What is Satan’s device in this day?… What is the world’s religion now? It has taken the brighter side of the gospel — its tidings of comfort, its precepts of love; all darker, deeper views of man’s condition and prospects being comparatively forgotten. This is the religion natural to a civilized age, and well has Satan dressed and completed it into an idol of the truth. As the reason is cultivated, the taste formed, the affections and sentiments refined, a general decency and grace will of course spread over the face of society, quite independently of the influence of revelation. That beauty and delicacy of thought, which is so attractive in books, then extends to the conduct of life, to all we have, all we do, all we are. Our manners are courteous; we avoid giving pain or offence; our words become correct; our relative duties are carefully performed.

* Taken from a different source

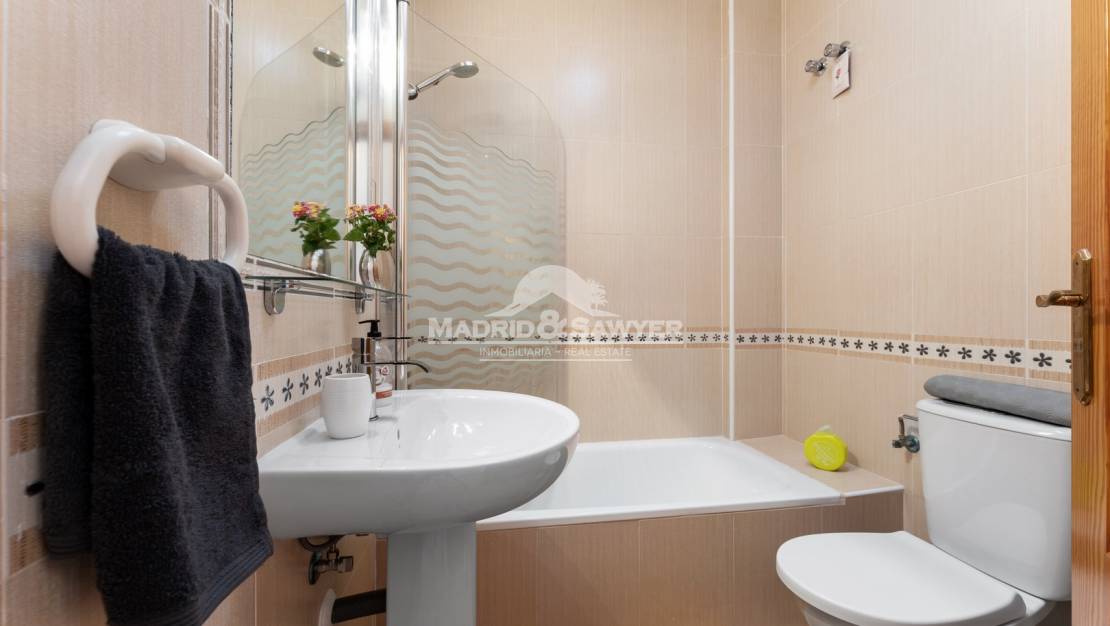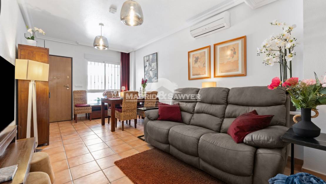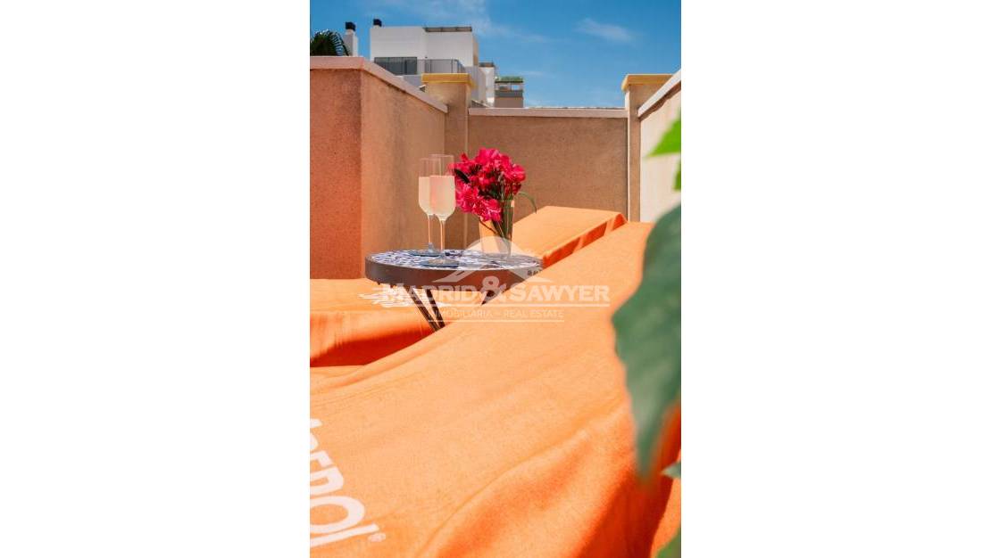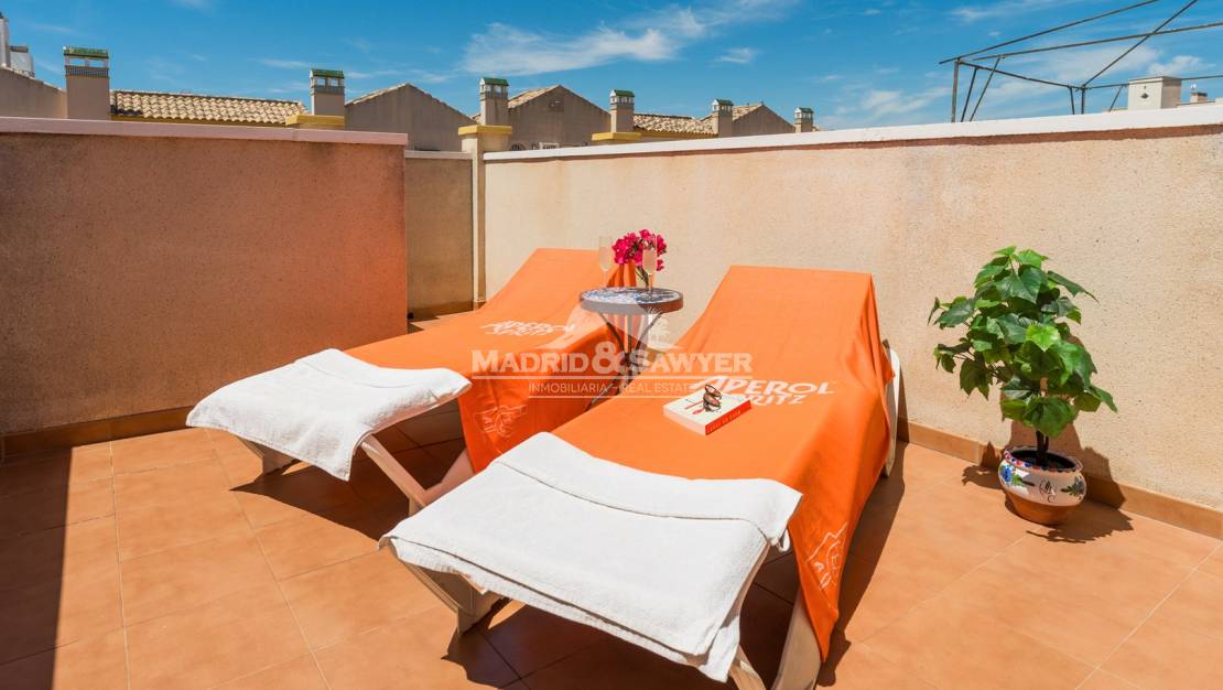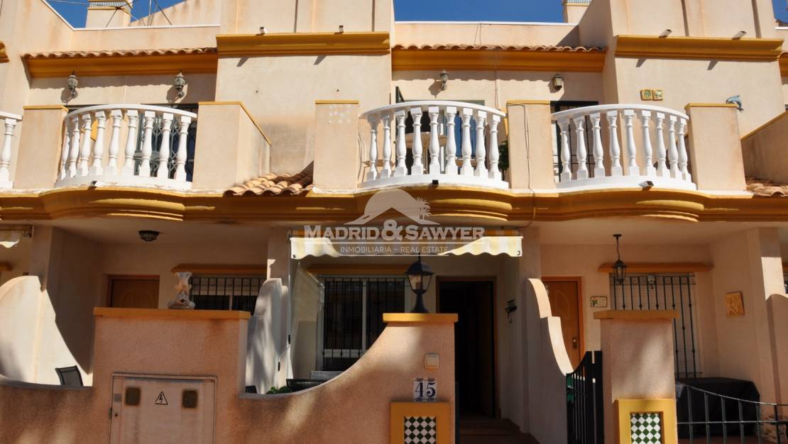 This lovely 2 bedroom house located in Aguamarina in a private complex is available for holiday rentals! Upon entering the property we find ourselves in the lounge with the independant and fully equipped kitchen at the rear of the property with access to a small patio, there is also a toilet downstairs. Following the staircase upstairs, there are 2 bedrooms, one with a double bed and access to a sunny balcony and the second bedroom with 2 single beds, there is also a complete bathroom. Following the staircase again, we have access to the solarium. Situated close to all amenities such as Drs. surgery, chemists, supermarkets, bars and restaurants. The shopping centre La Zenia Boulevard is only 5 minutes away by car, there are three 18 hole golf courses only 10 minutes away by car and Alicante & Corvera airports are approximately 40 minutes away by car.

Our sense of propriety shows itself even in our domestic arrangements, in the embellishments of our houses, in our amusements, and so also in our religion’s profession. Vice now becomes unseemly and hideous to the imagination, or, as it is sometimes familiarly said, “out of taste.”

Thus elegance is gradually made the test and standard of virtue, which is no longer thought to possess an intrinsic claim on our hearts, or to exist, further than it leads to the quiet and comfort of others. Conscience is no longer recognized as an independent arbiter of actions, its authority is explained away; partly it is superseded in the minds of men by the so-called moral sense, which is regarded merely as the love of the beautiful; partly by the rule of expediency, which is forthwith substituted for it in the details of conduct. Now conscience is a stern, gloomy principle; it tells us of guilt and of prospective punishment. Accordingly, when its terrors disappear, then disappear also, in the creed of the day, those fearful images of divine wrath with which the Scriptures abound. They are explained away. Everything is bright and cheerful. Religion is pleasant and easy; benevolence is the chief virtue; intolerance, bigotry, excess of zeal, are the first of sins. Austerity is an absurdity — even firmness is looked on with an unfriendly, suspicious eye…

The present age is the very contrary to what are commonly called the dark ages; and together with the faults of those ages we have lost their virtues. I say their virtues; for even the errors then prevalent, a persecuting spirit, for instance, fear of religious inquiry, bigotry, these were, after all, but perversions and excesses of real virtues, such as zeal and reverence; and we, instead of limiting and purifying them, have taken them away root and branch.

Why? Because we have not acted from a love of the truth, but from the influence of the age. The old generation has passed, and its character with it; a new order of things has arisen. Human society has a new framework, and fosters and develops a new character of mind; and this new character is made by the enemy of our souls, to resemble the Christian’s obedience as near as it may, its likeness all the time being but accidental… God give us grace to search our hearts, lest we be blinded by the deceitfulness of sin!

St. John Henry Newman (1801-1890) was among the most widely influential English theologians of the nineteenth century. One of the principal leaders of Anglicanism’s Catholic revival at Oxford in the 1830’s, he became a Roman Catholic in 1845, and was an Oratorian for the remainder of his life. He was made a cardinal shortly before his death and was canonized by the Roman Catholic Church in 2019. His Parochial and Plain Sermons, first published in 1863, were written in his years as an Anglican priest, while serving as vicar of Oxford’s Church of Saint Mary the Virgin. His feast day on the Roman Calendar is October 9 and he is commemorated on other days on the liturgical calendars of several Anglican Churches.